==== Information shown ====

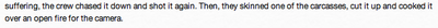 "....Then, they skinned one of the carcasses, cut it up and cooked it over an open fire for the camera."
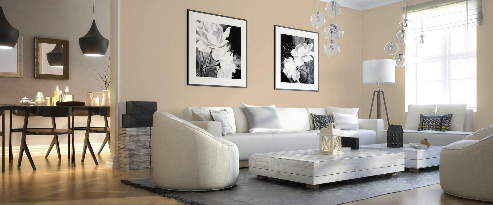 Проявляет себя как гармоничная база интерьера. В течение дня демонстрирует разные характеры — от свежести утра до уюта вечера.
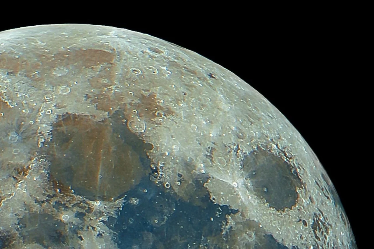 A full Moon is amazingly bright in the night sky. So bright that it is virtually impossible to see that the surface is delicately painted by minerals in the soil and rocks..
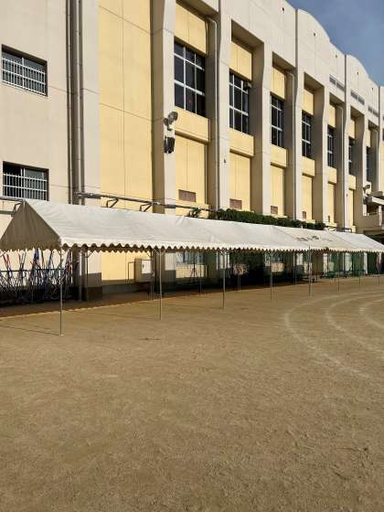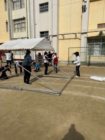 子どもたちが帰ったあと、教職員で運動会用のテントを張りました。息もぴったりで、あっという間に完成。さすが「チーム桃陽」です。最近、日差しが強くなってきたので、テントを活用しながら運動会練習を進めていきます。

====

§ Task item:
The expected output is the exact run of lines from the one containing "Проявляет себя как" through the final line of the data above, both ends included, with no pictures.

§ Exercise output:
 Проявляет себя как гармоничная база интерьера. В течение дня демонстрирует разные характеры — от свежести утра до уюта вечера.
 A full Moon is amazingly bright in the night sky. So bright that it is virtually impossible to see that the surface is delicately painted by minerals in the soil and rocks..
 子どもたちが帰ったあと、教職員で運動会用のテントを張りました。息もぴったりで、あっという間に完成。さすが「チーム桃陽」です。最近、日差しが強くなってきたので、テントを活用しながら運動会練習を進めていきます。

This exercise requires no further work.